The best competition on their 23-game schedules usually came against OTE teams. The familiarity between Overtime’s teams had a way of increasing the intensity rather than dulling it. One game in March ended with a heated scrap, coaches holding back players and disciplinary action. The footage spread, of course, on social media.
There are growing pains. Yet OTE has already fulfilled part of its mission — attracting up-and-coming talent it hopes will sustain interest and follower growth.
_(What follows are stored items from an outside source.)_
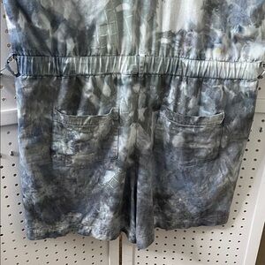 Chic blue tie-dye romper with a stylish zip-up front. Perfect for casual outings.
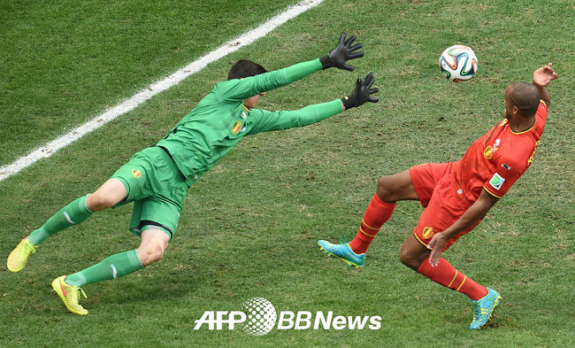 후반 벨기에 골키퍼 티보 쿠르트와가 아르헨티나의 슛을 막아내고 있다. /photo@osen.co.kr
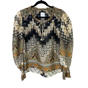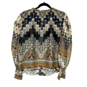 NWT Misa Los Angeles Womens Geometric Print Sheer Peasant Seina Blouse Blue Tan Size XL
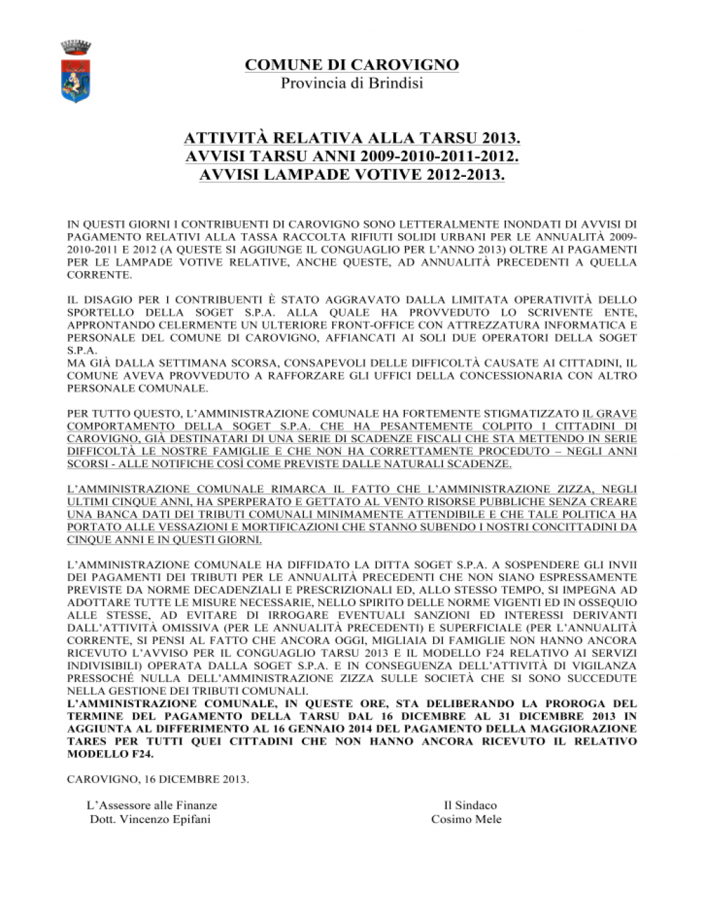 PER TUTTO QUESTO, L'AMMINISTRAZIONE COMUNALE HA FORTEMENTE STIGMATIZZATO IL GRAVE COMPORTAMENTO DELLA SOGET S.P.A. CHE HA PESANTEMENTE COLPITO I CITTADINI DI CAROVIGNO, GIÀ DESTINATARI DI UNA SERIE DI SCADENZE FISCALI CHE STA METTENDO IN SERIE DIFFICOLTÀ LE NOSTRE FAMIGLIE E CHE NON HA CORRETTAMENTE PROCEDUTO - NEGLI ANNI SCORSI - ALLE NOTIFICHE COSÌ COME PREVISTE DALLE NATURALI SCADENZE.
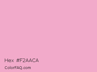 Hex #f2aaca Color is a very light rose color and the nearest color is Nadeshiko Pink #f6adc6. Hex code #f2aaca and RGB value is rgb(242,170,202). In RGB color space, this color is composed of 95% red, 67% green, 79% blue, In CMYK color space, this color is composed of 0% cyan, 30% magenta, 17% yellow , 5% black , In HSL color space, this color has a hue angle of 333° , 73% saturation and 81% lightness.
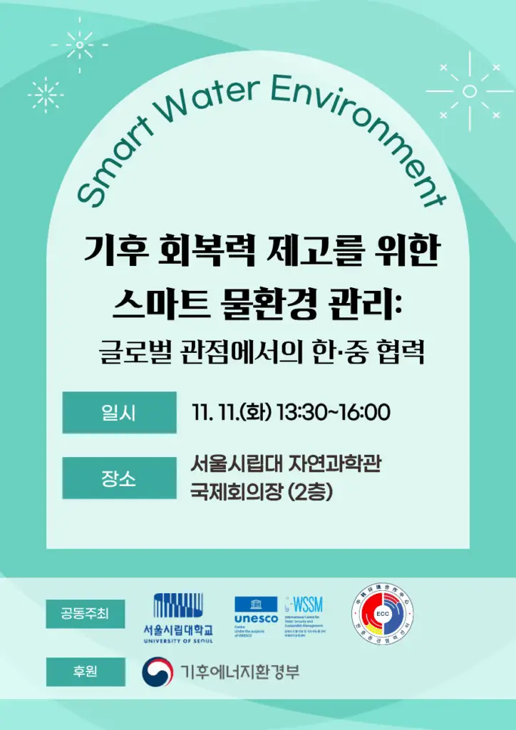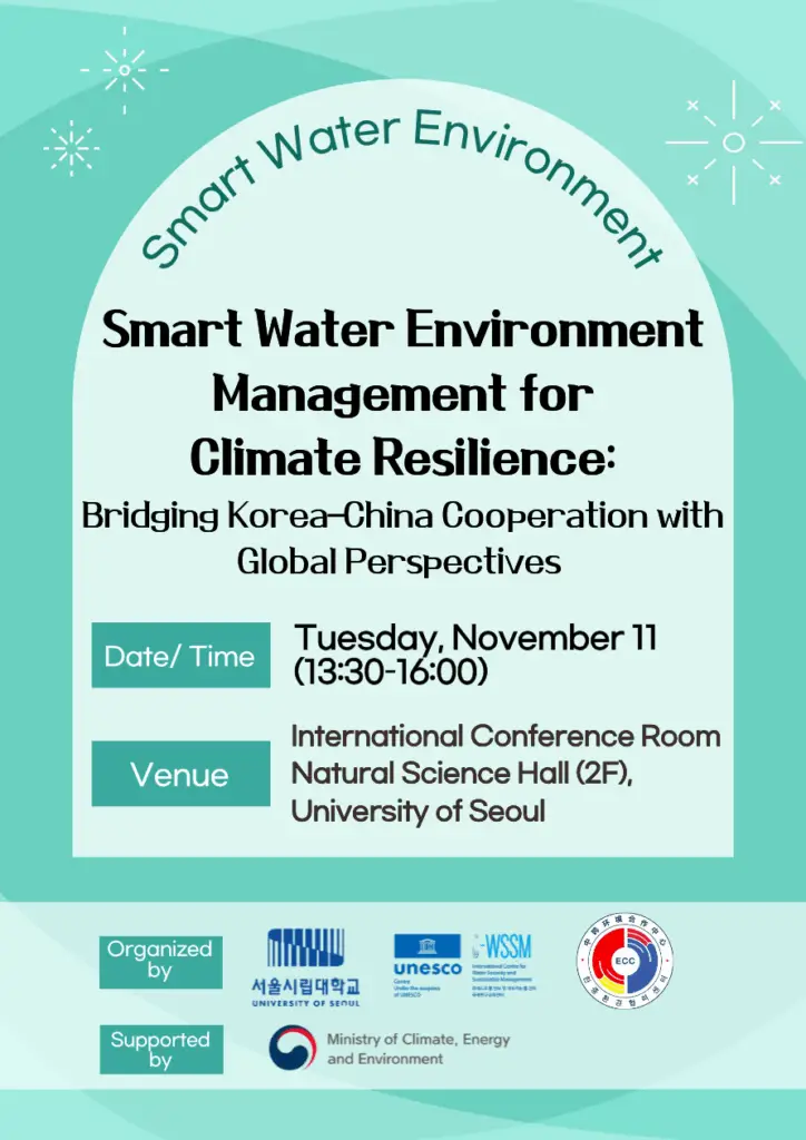We are highly pleased to invite you to the <Smart Water Environment Management for Climate Resilience: Bridging Korea–China Cooperation with Global Perspectives> co-hosted by the UNESCO International Centre for Water Security and Sustainable Management (UNESCO i-WSSM), the Korea–China Environmental Cooperation Center, and the University of Seoul.
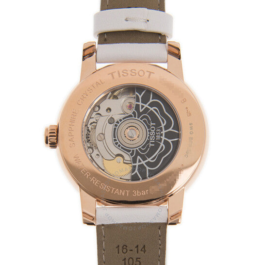 علبة من الفولاذ المقاوم للصدأ من الذهب الوردي بتقنية PVD 316L، مع سوار جلدي أبيض (صناعي). إطار ثابت من الذهب الوردي بتقنية PVD. ميناء أبيض مع عقارب ومؤشرات ساعات باللون الوردي. أرقام عربية تُشير إلى مواقع الساعات 3 و6 و9. نوع الميناء: تناظري. حركة أوتوماتيكية Powermatic 80.111، تحتوي على 23 جوهرة، تنبض بتردد 28800 ذبذبة في الساعة، ولديها احتياطي طاقة يصل إلى 80 ساعة تقريبًا. زجاج من الياقوت المقاوم للخدش. تاج قابل للسحب/الدفع. غطاء خلفي شفاف. شكل دائري. حجم العلبة: 35 مم. سمكها: 9.75 مم. عرض السوار: 17 مم. مشبك فراشة. مقاومة للماء حتى عمق 30 مترًا / 100 قدم. الوظائف: التاريخ، الساعة، الدقيقة، الثانية. معلومات إضافية: العلبة الأصلية، دليل الاستخدام (ملحقات كاملة). طراز ساعة فاخر. ملصق الساعة: صناعة سويسرية. ساعة تيسوت ليدي هارت أوتوماتيكية بمينا أبيض للسيدات T050.207.37.017.05.
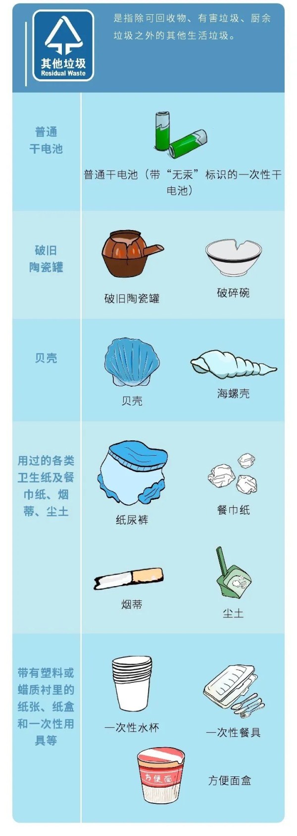 除可回收物、有害垃圾、厨余垃圾、其他垃圾等日常生活垃圾外,生活中还会产生餐厨、建筑(装修)、园林绿化等垃圾,市民及单位应按相关要求分类投放。
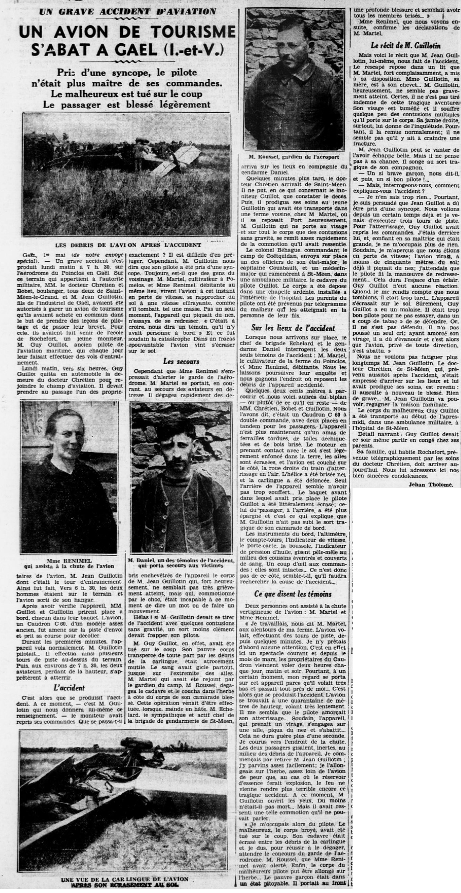 Le 1er mai 1933 à 7h30 un Caudron C60, piloté par le moniteur de l'école de Rochefort, Guy Guillot, âgé de 27 ans, pris d'un malaise au moment de l'atterissage, s'écrase au sol, tuant le pilote sur le coup. Avec à sont bord Guillotin Jean de Gaël, il s'en sort avec des blessures sans gravités.
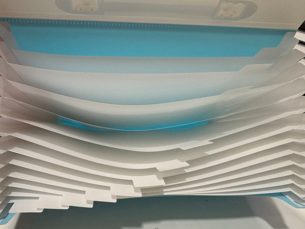 I 13 scomparti a soffietto; permettono di suddividere con precisione i vari fogli facilitando l’organizzazione di ricevute fatture e altri documenti.
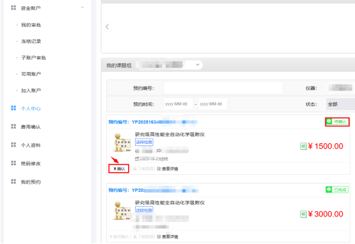 1. 用户预约的自主上机测试或送样测试完成后,仪器管理员将依据实际情况进行费用核定。仪器管理员费用核定完成后,预约人登录大仪系统的“个人中心”进行费用确认。
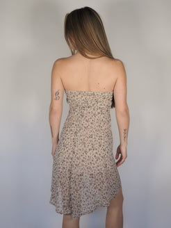 A soft strapless mini dress with a delicate floral print and handkerchief hem, giving it a light, flowy feel. Easy to wear and perfect for warm days or layering with a cardigan.
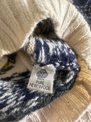 Jersey de lana pura hecho a mano en Perú – talla S/M – estilo vintage invierno Precioso jersey de lana pura, muy calentito y con un bonito diseño invernal. Perfecto para invierno y para combinar con vaqueros. Estilo acogedor tipo vintage / nórdico. 🧶 Detalles: • Lana pura • Hecho a mano en Perú • Diseño de invierno motivos esqui • Muy cómodo y calentito 📏 Medidas: • Largo: 63 cm • Ancho (axila a axila): 52 cm 🧼 Cuidado: • Lavado a mano 👕 Talla aproximada: S / M (revisar medidas)

Naasir Cunningham, rated by 247Sports as the top player in the 2024 class, committed in April with a twist: He will not take a salary to maintain his NCAA eligibility, though the 6-foot-7 wing from New Jersey still can earn money off his name, image and likeness.
Bilas said that though Overtime’s guaranteed six-figure salaries drew initial headlines, they are just one factor players must consider, particularly now that the explosion of sanctioned cash available within the NCAA thanks to NIL deals has left college teams able to compete monetarily.
Colleges can offer the spotlight of March Madness. If the ultimate goal is the kind of NBA contract that can dwarf the money offered by Overtime Elite, G League Ignite or college NIL deals, then it becomes a question of player development. Ausar Thompson spoke glowingly of all-hours access to the gym. Amen Thompson’s offseason plans included preparation for next year’s pre-draft workouts. Players consult with Damien Wilkins, a 10-year NBA veteran who is Overtime’s “dean of athlete culture and experience.”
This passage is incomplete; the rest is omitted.